All heads in the restaurant turned in our direction, trying to ascertain what was so hilarious that it made six women laugh in unison.
But that was just another day for the Brookbog sisters.
We laughed together. We cried together. Such was our bond.
Having people to share the pain with made the pain not hurt as much.
“So, to recap the events of spontaneous heartbreak, Melissa meets her boss, is subsequently charmed by him, lowers her defenses, sleeps with him, and then finds out the next morning that he was a jerk,” Vanessa pronounces. “Now, permission to be crass.”
“Permission granted,” Natasha said on my behalf. I didn’t want to do anything other than rest my head on her shoulders and croon as she caressed me.
“We ought to trash his car. Good old high school justice,” Vanessa said.

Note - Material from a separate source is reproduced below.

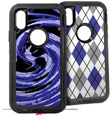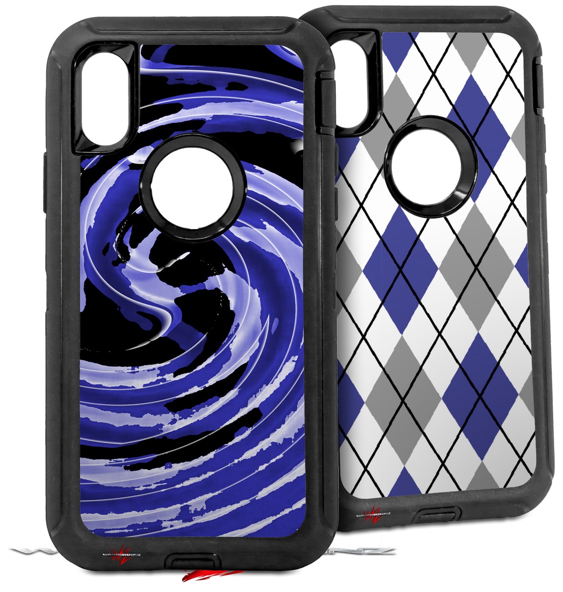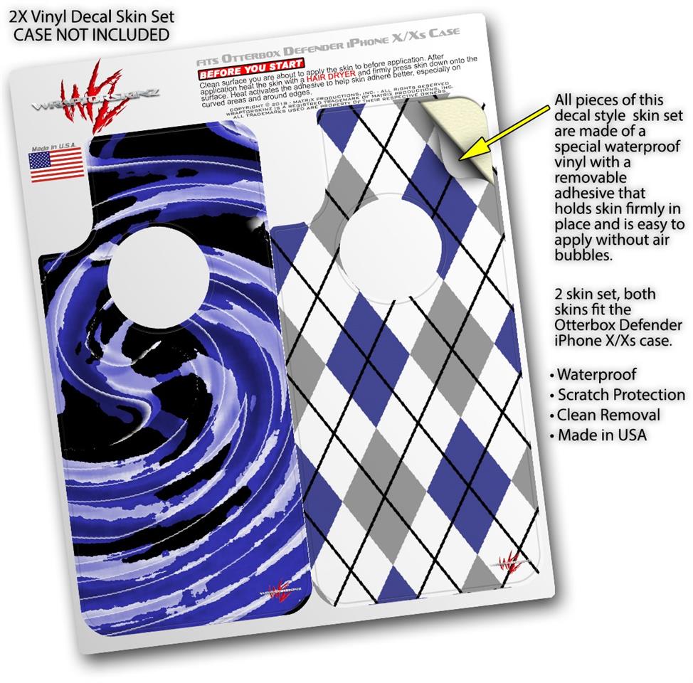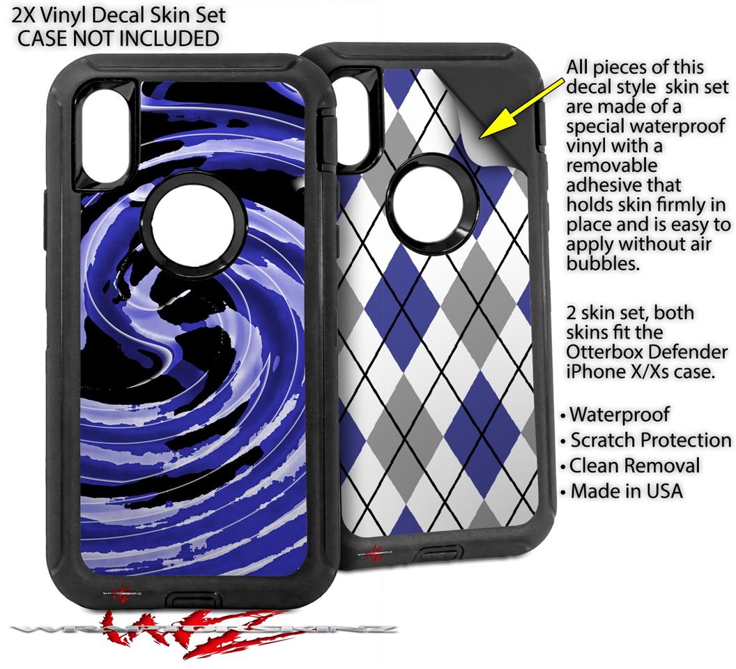 2x Decal style Skin Wrap Set compatible with Otterbox Defender iPhone X and Xs Case - Alecias Swirl 02 Blue (CASE NOT INCLUDED)

“You mentioned it cost him more than a hundred million, and he loves it to death. Well, I suggest we take a basket of eggs and baseball bats apiece, and show Mr. Ryan Hellerman that you don’t just get away by messing with one of us. ”
“Not the car,” I said, shaking my head. “It might have been unforgivable what he’d done, but if he was being remotely sincere with me that night, then that car’s more valuable to him than anything else. It was his dad’s dream to own it; and before, it was his grandfather’s dream.”

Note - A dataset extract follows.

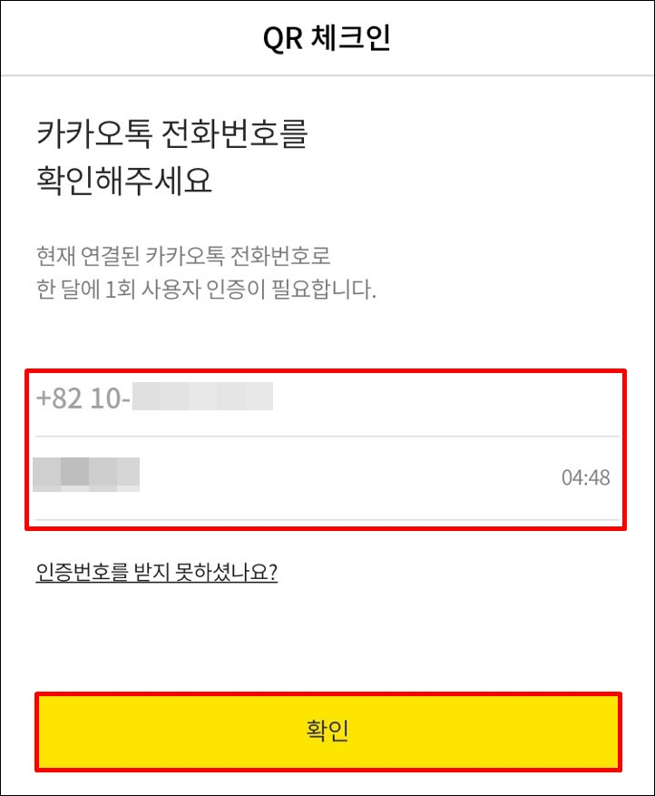 개인정보 수집 및 제공 동의에 모두 동의하신 후에 휴대폰 인증(최초 1회)을 하게 되면, 1회용 QR코드가 발급됩니다.

“You cannot play the devil’s advocate when you’re the one wronged by the fucking devil himself, babe,” Natasha instructed, pushing my head off her shoulder so that I’d sit up straight and look her in the eyes.

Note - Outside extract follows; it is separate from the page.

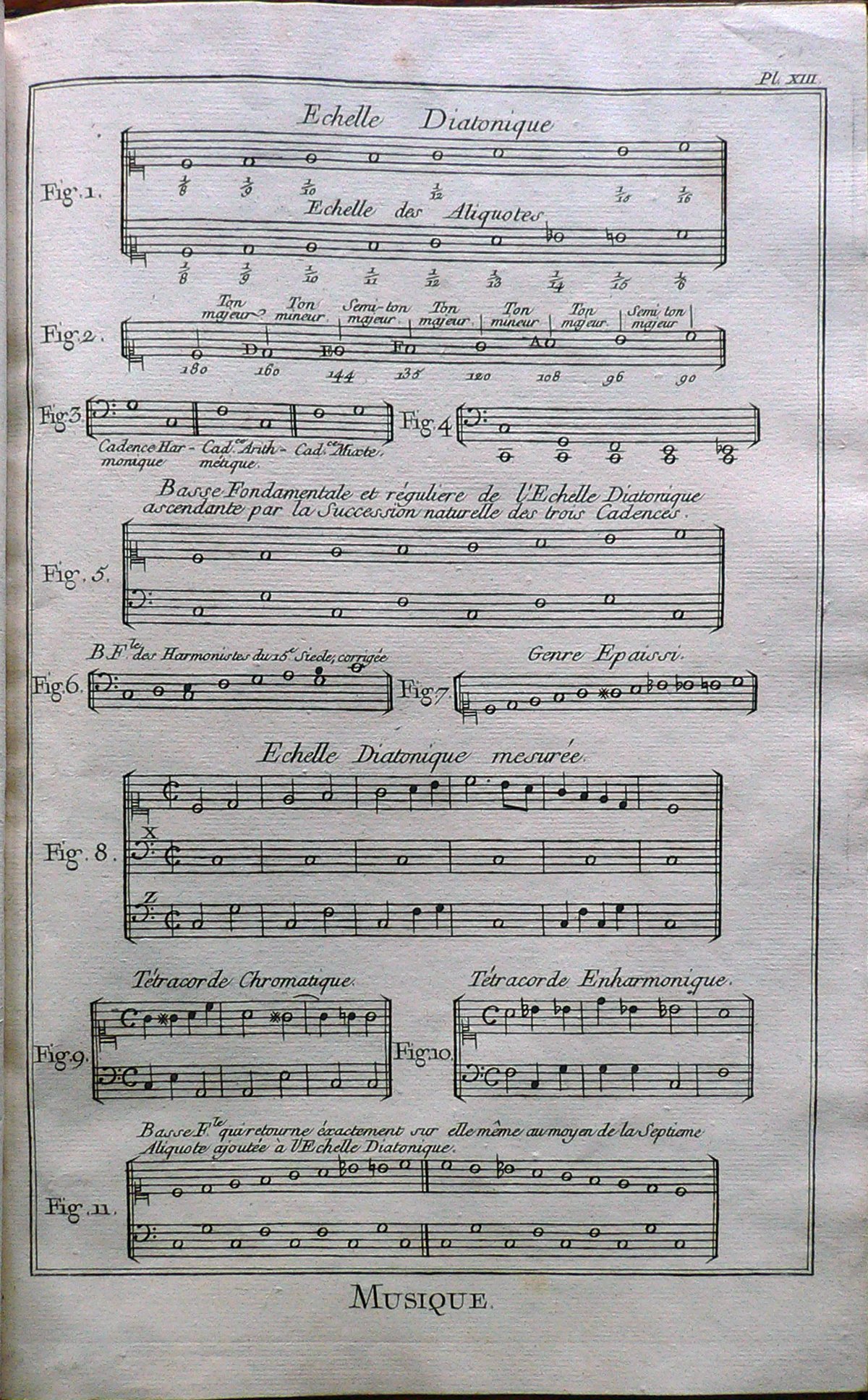 Sono rappresentate undici figure che spiegano le regole armoniche. Ogni figura è connotata da: “fig.”. E’ presente numerazione della stampa: Pl.XIII.; la stampa è rilegata in un fascicolo intilolato: ” Tapissier” insieme alle note di spiegazione di ogni Planche.

“Guys like him think that they can do whatever they want, stomp on us like we’re little ants or something, and nothing bad will ever happen to him.
Let’s show him that hell hath no fury like a woman scorned. ”
“Avast!” Tony and Lisey spoke in unison, rising from their chairs, causing them to topple over. Two waiters hurried in our direction, looking at us disapprovingly.
“Ladies, this joint is dead. I suggest we take this party out to the streets of New York and find that bastard’s car.
What we lack in terms of eggs and bats we’ll more than make up for in terms of roadside trash and stray bricks.
All of us in?” Lindsey asked, throwing her credit card on the table as we all got up.
“Hang on, you guys,” I blurted out, looking at my phone. An unknown number was calling me. The part of me that was still hung over Ryan wondered if this was him calling. Before I could come to my senses, I picked the phone up and brought it to my ear.
“Hello?”
“Is this Ms. Melissa Frances?” a woman’s voice spoke through the phone.
“Speaking,” I said, looking around at my friends, who were all staring at me anticipatingly.
“You’re listed as the emergency contact for Frances O’Shaughnessy,” the woman said.
My knees gave away, and I fell back in the chair I’d just gotten up from.
Dad.
I’d been meaning to visit him on the weekend.
Before I started my job, I’d spent the past couple of days over at his house, taking care of him, making sure all his meds were in order, and the caregiver nurse who took care of him was treating him well.
It had been two days since I’d visited his house on Long Island.
This could not be the end.
“Yes. He’s my dad,” I said, my voice quivering.
“I regret to inform you, Ms. Frances, but your father—”
I didn’t know what she said. My phone slipped from my fingers and clattered on the floor, its screen shattering.
The concept of time suddenly had no meaning for me.
Everything was both in slow motion and fast-forward at once.
Natasha was shaking me, trying to get me to respond; all I could feel inside was a sense of loss, remorse, and a cold, cold numbness.
My eyes felt like they had been pierced by a thousand burning needles.
As hot tears streamed down my face, I looked up at my friends, all of them gathered around me.
Natasha was hugging me, Vanessa had her hand resting on my shoulder, Tony and Lisey were sobbing silently, and Lindsey was trying to yank me out of the chair so we could get in her car and head to the hospital.